Tuesday, December 11, 2012

Price


Pricing to Phileas Fogg's snacks means understanding & capturing customer Value by first considering reseller margins before setting our pricing.
“In the narrowest sense, price is the amount of money charged for a product or service. More broadly, price is the sum of all the values that customers give up in order to gain the benefits of having or using a product or service.” (Kotler, Gary Armstrong and Philip. Marketing: An Introduction for Education Management Corporation, Pg 275)
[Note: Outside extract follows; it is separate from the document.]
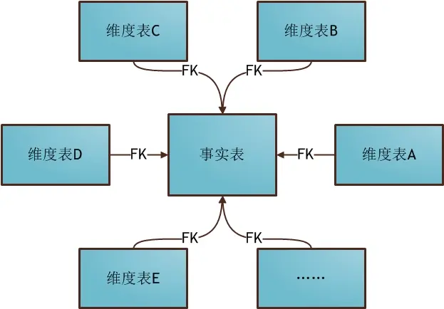 可以看出,星形模式的维度建模由一个事实表和一组维表成,且具有以下特点:

Price is the only element in marketing that produces revenue. Ultimately the price is the amount customers pay to obtain a product. Customer value-based pricing is important, as it uses buyers’ perceptions of value, not the seller’s cost, as the key to pricing. It’s interesting to know that good value is not the same as low price.
“In other cases, good-value pricing has involved redesigning existing brands to offer more quality for a given price or the same quality for less. Some companies even succeed by offering less value but at rock-bottom prices.” (Kotler, Gary Armstrong and Philip. An Introduction for Education Management Corporation,Pg 277)
I have found 3 major pricing strategies that would include customer value-based, cost-based, and competition-based pricing. Also there are strategies for new-product pricing, product mix pricing, and dealing with price changes.
“Costs set the floor for price but the goal isn’t always to minimize costs. In fact, many firms invest in higher costs so that they can claim higher prices and margins (think about Steinway pianos). The key is to manage the spread between costs and prices—how much the company makes for the customer value it delivers.” (Kotler, Gary Armstrong and Philip. Marketing: An Introduction for Education Management Corporation, Pg 278)
In conclusion retailers have the final say concerning price.